Soupe-alphabet

Lun 15 décembre 2008

Dans les pâtes-alphabet, il y a une bonne dose de souvenirs d'enfance. Grâce à ces petites lettres - dont la typographie reste à déterminer - des armées de parents ont réussi à faire avaler les mégalitres de soupe à des générations de monstres désireux de conserver leur taille. Malgré leur mantra (non je ne veux pas grandir), et invoquant l'exceptionnelle permission de pouvoir jouer avec la nourriture, certains ont même succombé à la tentation, et s'en délectent passé la trentaine.

C'est vrai que c'est amusant. Si on a une assiette à soupe aux rebords suffisamment larges et plats, on peut écrire son prénom, ou des gros mots.
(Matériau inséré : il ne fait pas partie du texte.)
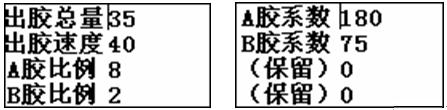 系統工作需要設置的參數為:出膠總量、A膠比例、B膠比例、出膠速度、A膠系數、B膠系數等。預先繪制128×64象素圖片:
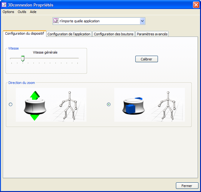 Après l'installation du pilote il est nécessaire de configurer la souris 3d.

Mais le pâtes-alphabet, c'est un tas d'énigmes. Dans un paquet de pâtes-alphabet, il y a vraisemblablement de quoi écrire des pages entières de récit (à condition d'avoir une machine à écrire particulièrement délicate, même si les pâtes sont al dente). Peut-être bien que la somme complète des articles de ce blog est contenue dans un paquet.
Peut-être aussi que les oeuvres complètes de Rimbaud sont là, en vrac. Peut-être qu'on peut écrire les Fleurs du Mal, ou traduire Ulysses en klingon à l'aide d'un paquet de pâtes-alphabet.

Je me demande aussi s'il existe dans le monde un paquet de pâtes-alphabet dans lequel il n'y a pas de "E". Une sorte de pâtes-lipogrammatique en "E". Ou alors il y aurait un paquet dont les seules voyelles seraient de "E".

Peut-être aussi qu'il y a un dictionnaire français. Ou un dictionnaire de mots qui n'existent que dans l'imagination, ou d'une langue que personne n'a jamais parlé et ne parlera jamais.

Peut-être qu'en fait, il n'y a jamais que le strict nécessaire pour forcer les enfants à manger leur soupe avant qu'elle ne refroidisse.